In general, different DTI parameters reflect distinct aspects of WM microstructure; so investigating the DTI parameters that vary between groups could elucidate the mechanisms of WM microstructural alterations. ⁴⁷ In the present study, the AD value was the most sensitive parameter that could be used to characterize group differences. Specifically, unsafe drivers had significantly higher AD values compared with safe drivers. An increased AD represents elevated water diffusivity parallel to axonal fiber tracts, ⁴⁸ which reflects axonal swelling and a consequent narrowing of the space between myelin fiber bundles. ⁴⁹ , ⁵⁰ Although the underlying neuropathological mechanisms of our findings are unclear, age‐related chronic ischemia could cause axonal swelling leading to increased AD values.
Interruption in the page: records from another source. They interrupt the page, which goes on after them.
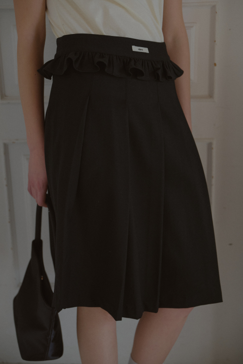 FRILL PLEATS MIDI SKIRT_BLACK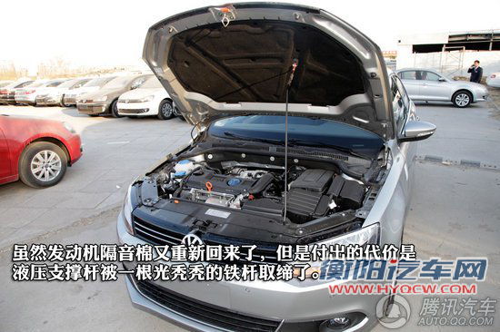 新速腾的动力系统没有变化,上市车型仍将会有1.6L、1.4T和1.8T三种排量,本次拍摄的车型采用1.4T涡轮增压发动机,最大功率96kW/5000rpm,最大扭矩220nm/1750-3500rpm。我们可以看到可喜的是发动机隔音棉重新回来了,可悲的是发动机舱盖液压杆被取消,换成廉价的铁杆支柱。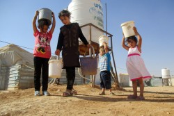 シリアとの国境に近い、ヨルダンのザータリ難民キャンプにて水を汲む子どもたち。 |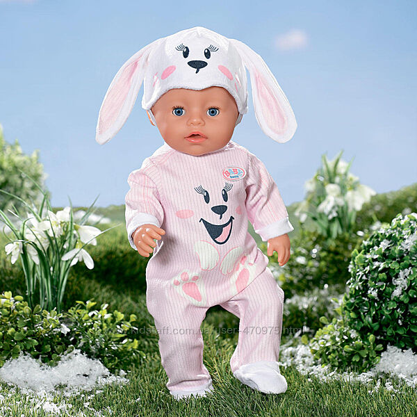 Ваша лялечка BABY BORN так схожа на милого зайчика у цьому стильному рожевому комбінезоні з малюнком кролика! Шапочка з м’якими кролячими вушками ідеально доповнять цей весняний образ. Одяг виготовлено з високоякісних матеріалів.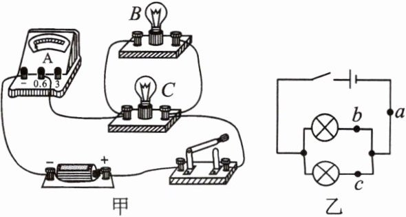 (选填“$a$”“$b$”或“$c$”)的电流。(2)在测并联电路中的电流时,若小民同学先在乙图的$a$处测得电路中的电流为 1.2A,然后在$b$、$c$处测得电流都为 0.6A,于是小民得出结论:并联电路中干路电流等于支路电流之和,且支路电流都相等。他的结论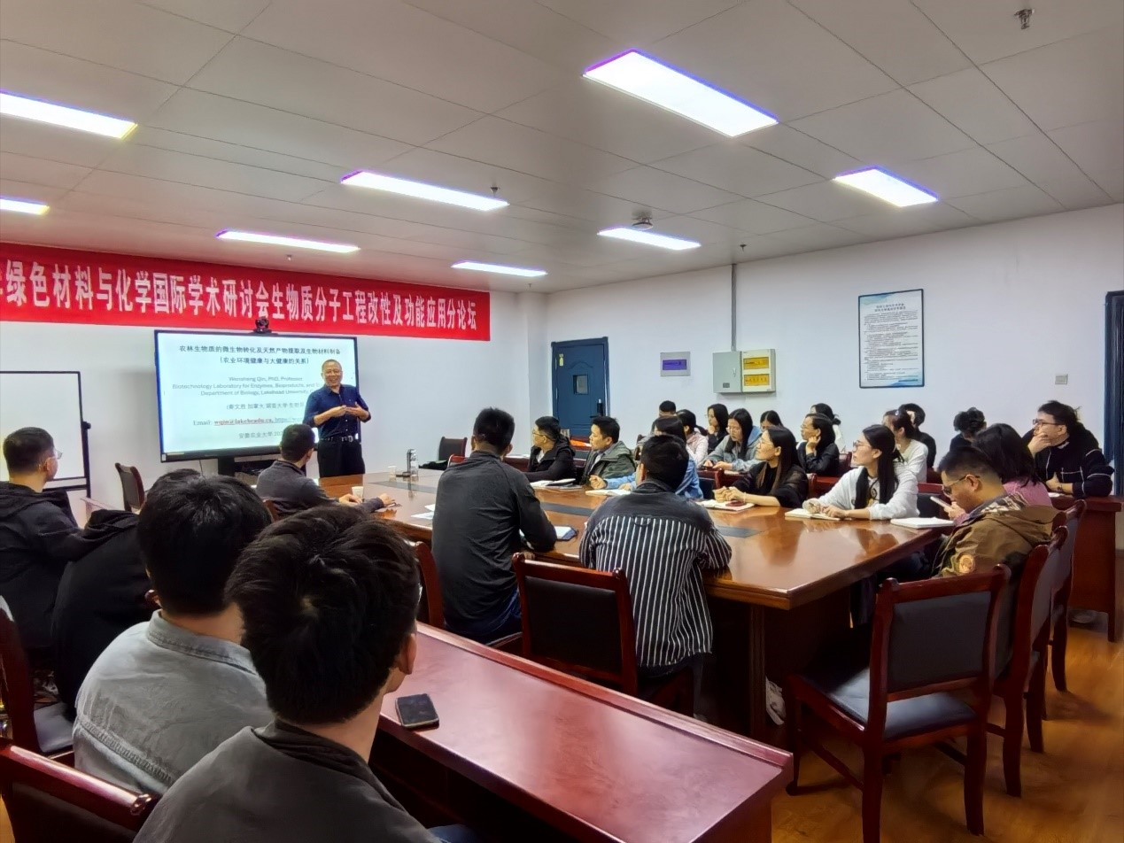 下午在中西部大楼876会议室,秦文胜教授做了题为“农林生物质的微生物转化及天然产物提取及生物质材料制备”的专题报告,用大量生动例子为公司师生介绍了他开展的微生物在金属污染生物治理、木糖醇制备、垃圾处理、微藻油脂提取等诸多广泛领域的研究。报告结束后,秦文胜教授与参会师生就报告中相关问题进行了积极的互动交流,并进行了详细的解答。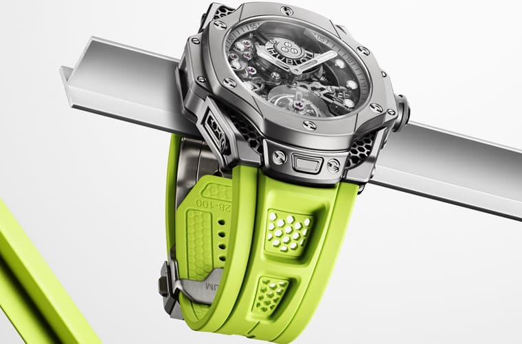雖然錶殼、錶冠等零件去除了橡膠包覆或改為比較低調的橡膠顏色,但是宇舶替Big Bang Samuel Ross極光綠陀飛輪搭配的橡膠錶帶(錶帶局部同樣有蜂巢狀結構)還是選擇了第一眼印象強烈的極光綠色調,而從上下錶耳的梯形按把可知,Big Bang Samuel Ross極光綠陀飛輪擁有宇舶專利One Click錶帶快拆系統,品牌也貼心地另外提供黑白兩色橡膠錶帶給錶主(設計也都蘊含立體蜂巢狀結構),讓人可以隨時視場合更換不同顏色的錶帶,搭配性因而更加全面。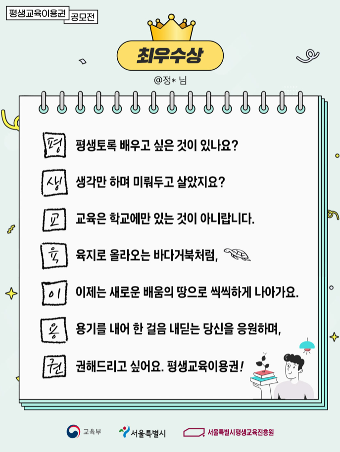 - 지난해 ‘평생교육이용권 우수사례 공모전’ 결과 담아 수기집, 1.13.(화)부터 누리집 공개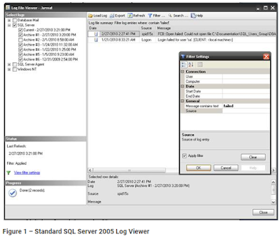 In my filtered search of the SQL Server logs, you can see that there are two entries on this particular server that contain the word “failedâ€; one is a login failure for sa and the other is a failure in opening a database file. The filter capability is limited, however, in the sense that a filtered search for “Failed†or “Login Failed†will return login failure results. However, a filtered search on “Failed Logins†you will return no results.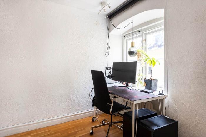 Lokalen är belägen på tredje våningen i huset, och nås bekvämt via hiss. Kontorsytan är fördelad över två separata rum med fönster i två väderstreck, vilket ger ett generöst ljusinsläpp. Centralt i lokalen finns ett trivsamt kök som fungerar som en naturlig samlingspunkt. De frilagda takbjälkarna ger karaktär och atmosfär med tydlig förankring i Gamla Stans unika miljö. Här finns även ett öppningsbart fönster med infälld sittbänk, perfekt för stunder av återhämtning. Kontoret har även en bekväm wc med både bad och dusch.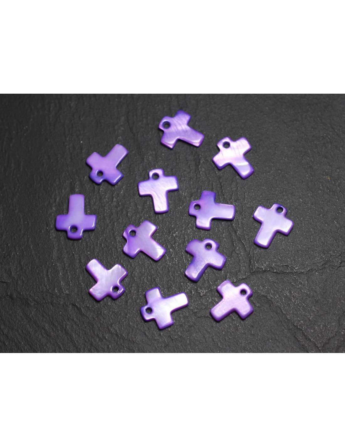 10pc - Pearl Charms Pendants Mother of Pearl Cross 12mm Purple 4558550015440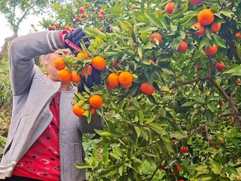走进渡江社区的圳兴绿产水果基地,采摘工人正穿梭林间,一手扶果、一手持剪,熟练地将成熟的橘子采摘下来装入背夹,随后陆续运往称重处集中分拣,现场一派繁忙景象。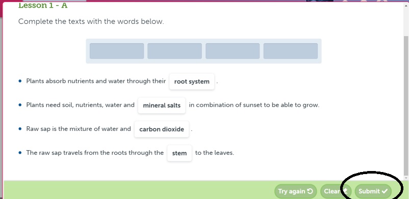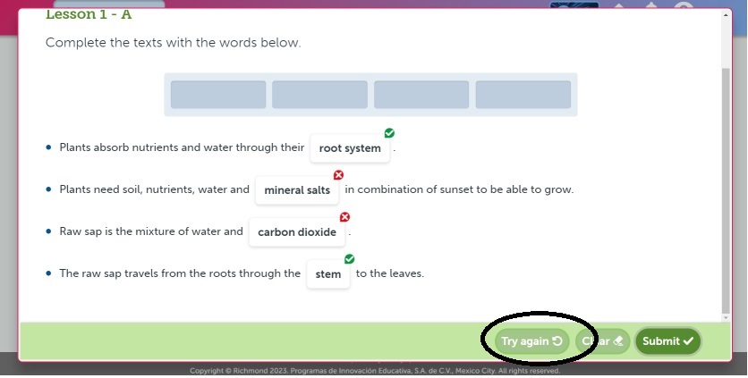 Paso 7: Este es un ejemplo de los ejercicios, se debe completar y despues le damos click en SUBMIT. Si nos equivocamos tenemos una nueva oportunidad y de damos en TRY AGAIN. Y luego nuevemente SUMBMIT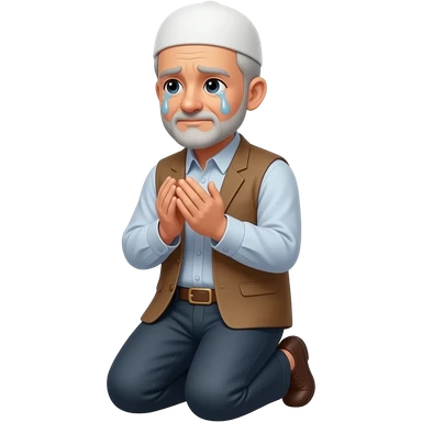 пожилой мужчина мусульманин со слезами молиться на коленях emoji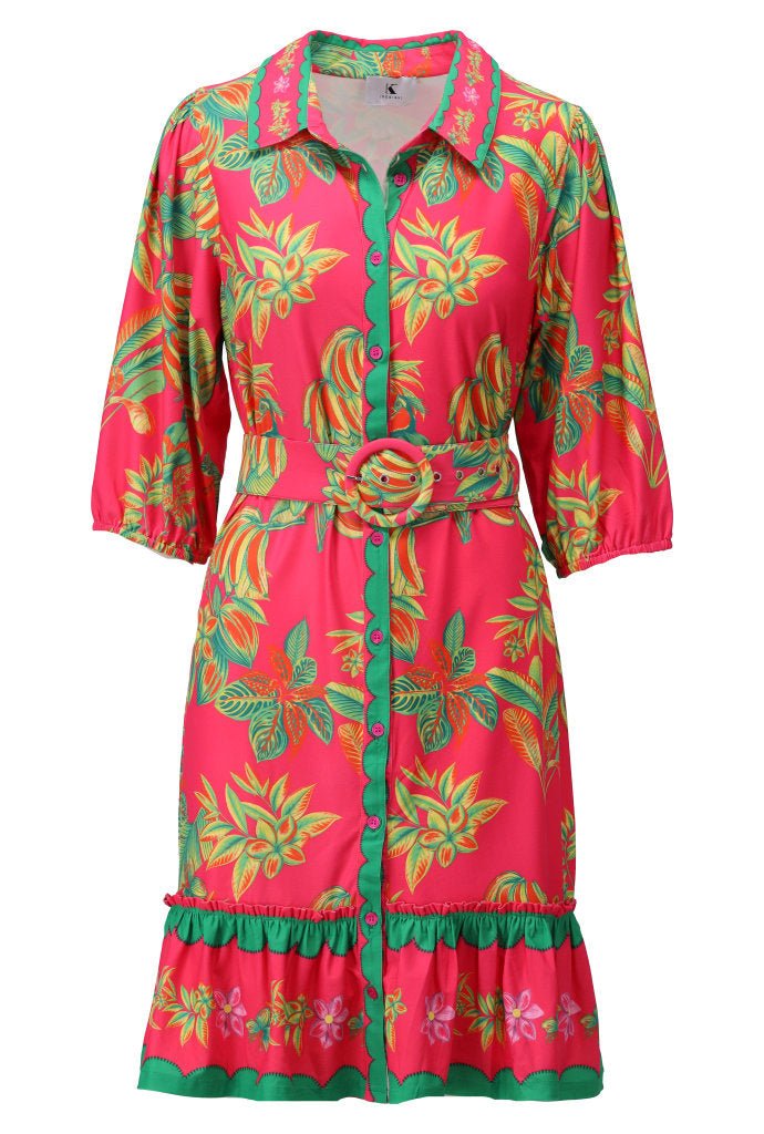 Deze opvallende jurk van K-Design brengt direct een zomerse en energieke uitstraling in je garderobe. De levendige combinatie van felroze met frisse groene accenten en tropische bladeren en bloemen zorgt voor een speelse en exotische look die perfect past bij zonnige dagen en vakanties.

Previous postmortem brain studies have shown that axonal edema is caused by diseases associated with chronic ischemia. Specifically, autopsy findings using electron microscopy in patients with reversible posterior leukoencephalopathy syndrome ⁵¹ and Fabry's disease ⁵² demonstrated hydropic swelling of axons in the cerebral deep WM. Furthermore, a recent in vitro study using mouse models showed that chronic ischemia induces axonal swelling because of water influx via α‐amino‐3‐hydroxy‐5‐methyl‐4‐isoxazolepropionate (AMPA) receptors. ⁵³ In summary, axonal edema caused by chronic ischemia may underlie the enhanced risk of unsafe driving in healthy older people.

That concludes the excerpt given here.